ACTIVITY:
Print the material below exactly as it stands, please, from its first line to the line holding "兒童玩具手提桶積木包裝桶塑料桶12L食品PP圓型收納桶禮品", with no pictures.
*** DATASET EXCERPTS ***
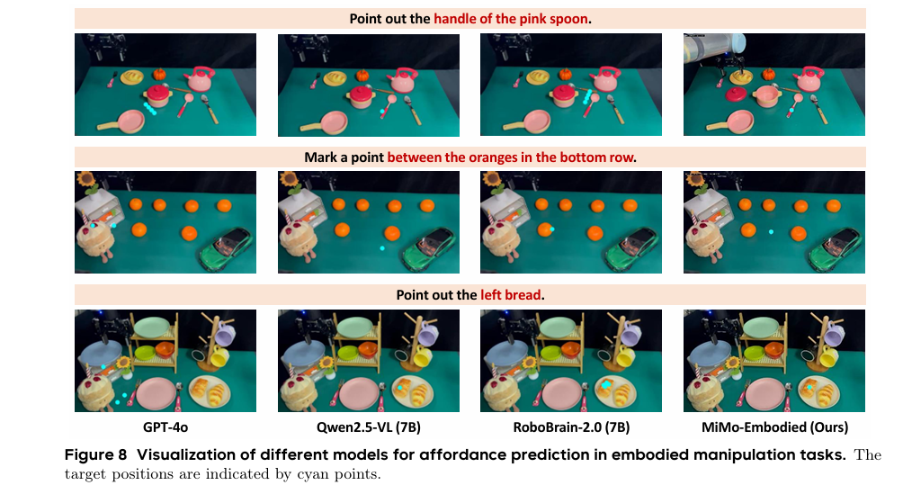 - 可用性预测:在 VABench-Point、Part-Afford 等 5 项基准中取得 SOTA,显著优于 Qwen2.5-VL、GPT-4o 等模型。
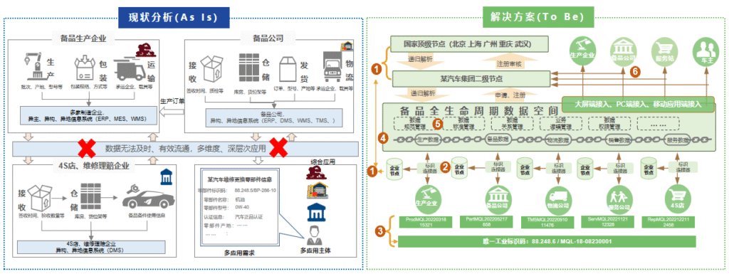 - 应用现状:某汽车集团备品备件在生产、流通、4S店/维修网点使用等环节中,因数据标准不一致,接口不统一、系统改造难度大等原因,导致备品备件使用状态不透明、闲置超期难追踪、副厂件混用等问题,致使备品服务质量提升难,营销市场拓展慢。
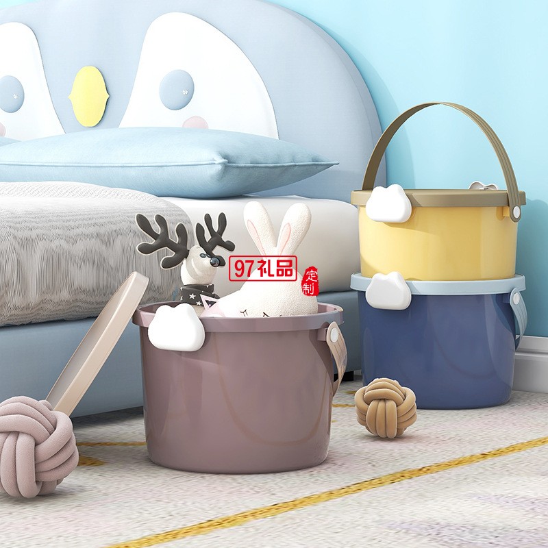 兒童玩具手提桶積木包裝桶塑料桶12L食品PP圓型收納桶禮品
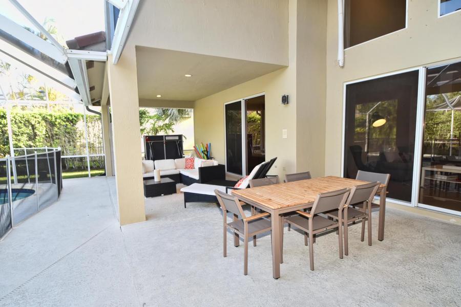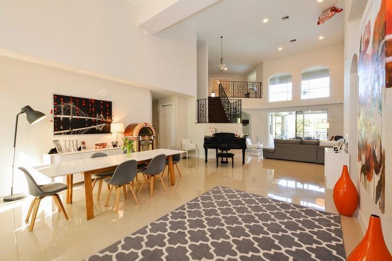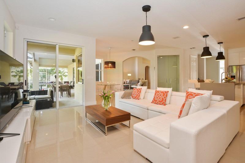 Available for quick closing. Tenant in place until August 6th, 2019 at $5,800/month. Open floor plan home featuring 4,004 sq.ft. living space under air. 5 bedrooms, plus an open loft and a large media room (could be used as a 6th bedroom). All rooms have walk-in closets. 4 full baths plus a half guest bath. Third car garage (single space) has been converted into an office, but can be easily turned back into the garage space. Whole property updated in 2015, contemporary style. New kitchen, floors, bathrooms, appliances. Two A/C units also replaced 3 years ago. Nest thermostats. Large covered and screened-in patio area for entertaining, plus additional private outdoor backyard. Free form pool with waterfall feature and child fence installed. Top rated schools. Gated community. A+ clubhouse.
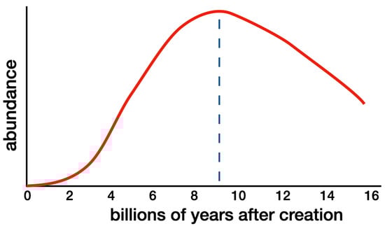 For these conditions to have been met, the host planet would have required an exceptionally high accretional heat (). That accretional heat would need to have been as great as what Earth gained from its collision (during its infancy) with the solar system’s fifth rocky planet, Theia (; ; ). This interior planetary accretional heat by itself would not have been sufficient. It would have required precise augmentation by heat from the radioactive decay of a superabundant supply of thorium and uranium. To obtain this superabundance, the host planet would need to have formed when the cosmic supply of uranium and thorium peaked. That peak occurred when the universe was about 9 billion years old (see Figure 1).
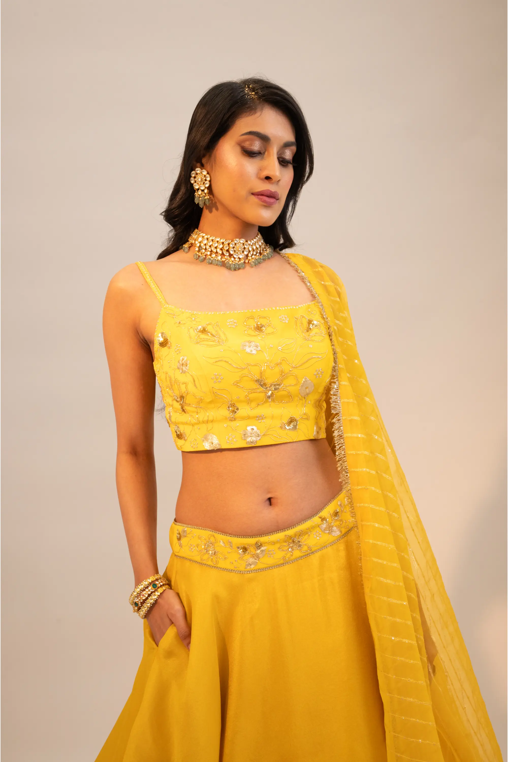 Yellow embroidered lehenga and blouse paired with dupatta
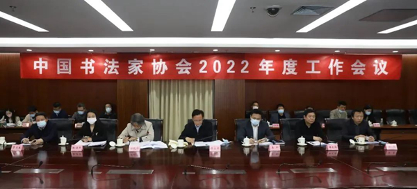 徐永军书记代表中国文联党组向广大书法工作者和书法爱好者致以诚挚问候。他在讲话中指出,过去的一年,中国书协勠力同心、团结拼搏、扎实工作,以案促改卓有成效,服务大局成果丰硕,引领创作坚强有力,志愿服务亮点突出,行风建设扎实推进,各方面工作都取得了新成效、新发展,书法界长期为人诟病的官气、商气得到明显改观,天朗气清的行业风气和山清水秀的书法生态正在形成。针对2022年工作,徐永军书记提出要求:要认清形势、明确方向,着力把学习贯彻习近平新时代中国特色社会主义思想引向深入,以真学促入脑,以真信促入心,以真用促入行;要提高站位、开拓进取,为党的二十大营造浓厚氛围,切实做到全国书坛同心同向、聚力用劲,形成“一盘棋”,拧成“一股绳”;要扎实工作、守正创新,着力加快完善书法人才队伍体系建设,通过引路子、扶梯子、搭台子、压担子、立典型,把“做人的工作”和“推进文艺创作”有机结合起来,努力打造一支“有信仰、有情怀、有担当、有水平、有影响”的书法文艺队伍;要强化担当、真抓实干,着力营造风清气正的书法业界生态,不断完善制度机制,加强自身纪律建设,引导广大书家承担社会责任。徐永军强调,2022年是党的二十大召开之年,是进入全面建设社会主义现代化国家、向第二个百年奋斗目标进军新征程的重要一年。切实做好书协系统的各项工作,具有十分特殊而又重要的意义。要充分认识到书法事业在新时代的重要使命和书协人肩负的政治要求,坚决服从和服务于党和国家的工作大局,努力发挥“组织优势”和“专业优势”,不断提高政治能力、学习研究能力、调研服务能力、创新发展能力,最大限度把书法界智慧和力量凝聚起来,最大限度把广大书法家和书法工作者的积极性、主动性、创造性激发出来,努力开创书法事业发展新局面。
*** End of DATASET EXCERPTS ***
TASK OUTPUT:
 - 可用性预测:在 VABench-Point、Part-Afford 等 5 项基准中取得 SOTA,显著优于 Qwen2.5-VL、GPT-4o 等模型。
 - 应用现状:某汽车集团备品备件在生产、流通、4S店/维修网点使用等环节中,因数据标准不一致,接口不统一、系统改造难度大等原因,导致备品备件使用状态不透明、闲置超期难追踪、副厂件混用等问题,致使备品服务质量提升难,营销市场拓展慢。
 兒童玩具手提桶積木包裝桶塑料桶12L食品PP圓型收納桶禮品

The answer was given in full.